Installé pour deux soirs au Pavillon de la Sirène à Paris 14e, l’Orchestre des Jeunes 3ème édition – que l’on retrouvera ce soir 13 juillet pour une restitution de l’Académie de composition de l’ONJ – et son chef Claude Barthélémy donnaient leur dernier concert.

J’ose affirmer que j’ai entendu là, sur un pot-pourri des répertoires qu’il dirigea par le passé à la tête de l’ONJ, le meilleurs des concerts en grande formation dirigés par Claude Barthélémy, auxquels il m’ait été donné d’assister.
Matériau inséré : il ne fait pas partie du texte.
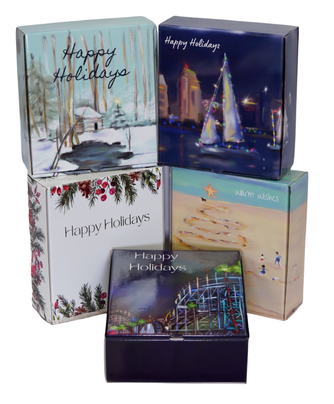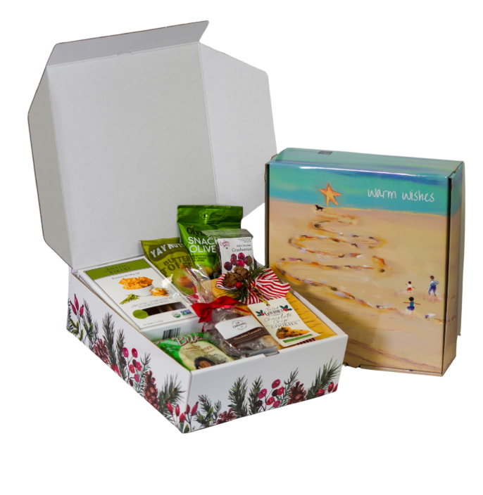 Enjoy a festive treat from a beautiful Holiday Collection. Our Warm Wishes deluxe size delivers an assortment of artisan treats including artisan olives, chocolate chip cookies, sun lovin bites, milk chocolate cranberries, gourmet nuts, savory crisps and authentic, French caramel candies from San Diego's local business, Le Caramel. The deluxe size is ideal for employee recognition, seasonal business gatherings and convention welcomes. Opt to add your company logo to the festive packaging. Handmade to stock up and share, we specialize in custom, bundle orders.

Il est vrai que j’ai beaucoup boudé les éditions 1989-1990 et 2002-2005 donnés par celui qui était alors l’enfant gâté d’un réseau associatif qui avait la main sur ce qu’il qualifiait d’innovant au point d’ignorer ou dédaigner de larges pans de l’actualité du jazz français de l’époque.

Or, l’enfant gâté hier, c’était les jeunes de cet Orchestre des Jeunes tournant, conçu par Fred Maurin pour passer sous la direction tournante d’anciens chefs de l’ONJ. Il y avait une forme de tendresse dans le don que Barthélémy a fait à ces jeunes musiciens de son répertoire qu’ils lui restituèrent magnifiés. Certes, je n’ai pas oublié les éclats fous du premier album de l’ONJ 1989-1990, notamment tels que je les avais reçus à Jazz sous les Pommiers au début de son premier exercice. Mais les anciens répertoires du guitariste-chef, semblent avoir vieilli comme un vin de garde, comme un bel assemblage des trois crûs de l’ONJ-Barthélémy, des répertoires qui nous laissaient le souvenir de démentiels kaléidoscopes ici devenus, pour poursuivre dans la facilité métaphorique, de somptueux assemblages, somptueux non par la noblesse des arômes, mais par ce mélange d’excitation des papilles et d’ivresse qui après tout sont bien les deux objectifs recherchés par les amateurs de vieux flacons. Assemblage ? Du blues façon Jef Beck à la collective néo-orléanaise, de Brahms (c’est le chef qui le dit, n’ayant moi aucune compétence dans ce domaine) au bebop, des Balkans à Charlie Parker (ses premières notes sur Parker’s Mood soudain citées), du Coltrane de Giant Steps au funk, avec quelque chose de Frank Zappa dans cet art encyclopédique.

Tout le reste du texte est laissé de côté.